Designed Experiences
We move on now to a trio of pieces that all invoke design along different axes: mechanical, narrative, and thematic/structural.
- Let’s have a party with Lost Dimension’s traitors! | Pixels For Breakfast
Rowan Carmichael identifies a tendency among RPG players to lean on a favourite party out of a wider cast and looks at a game that encourages you to invest in everybody–even after they’ve been dusted. - Apex Legends’ Unmissable Queer Love Triangle Is A Triumph | Kotaku
Emily Berry differentiates Apex Legends from its contemporaries in how it centres the queer relationships of its characters in regular play rather than hinting at it through supplementary materials. - Max Payne shoots to the heart of how video games work | Gamepur
Grace Benfell looks back at the original Max Payne‘s balancing act between straightforward, uncomplicated videogame-ness and its broader strokes of self-scrutiny and metacommentary.
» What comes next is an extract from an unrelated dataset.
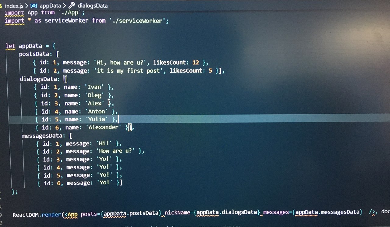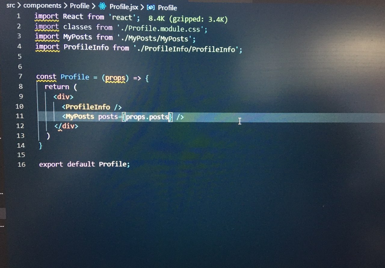 Подскажите пожалуйста, на 27 уроке. Прокидывание пропсов в индекс js. Создал общий объект, в него поместил три свойства. Передал в <app />. Дальше передаю по цепочке. Скрины сейчас сделаю. Не совсем догоняю что не так

“The game’s inciting violent encounter with the military world turns Max’s life into a video game. The life before his wife’s death is only rendered in hazy photography; it’s only after her murder that Max’s world becomes grey, pixelated hallways. The game explicitly ties military tech with Max’s own video game hell.”
Rising Action, Falling Action
Both of our next featured authors played, by their own assessments, good games. But the context of play leaves an indelible mark on the play itself. In the former case, a culimination, a catharsis; in the latter, a weariness, a resignation.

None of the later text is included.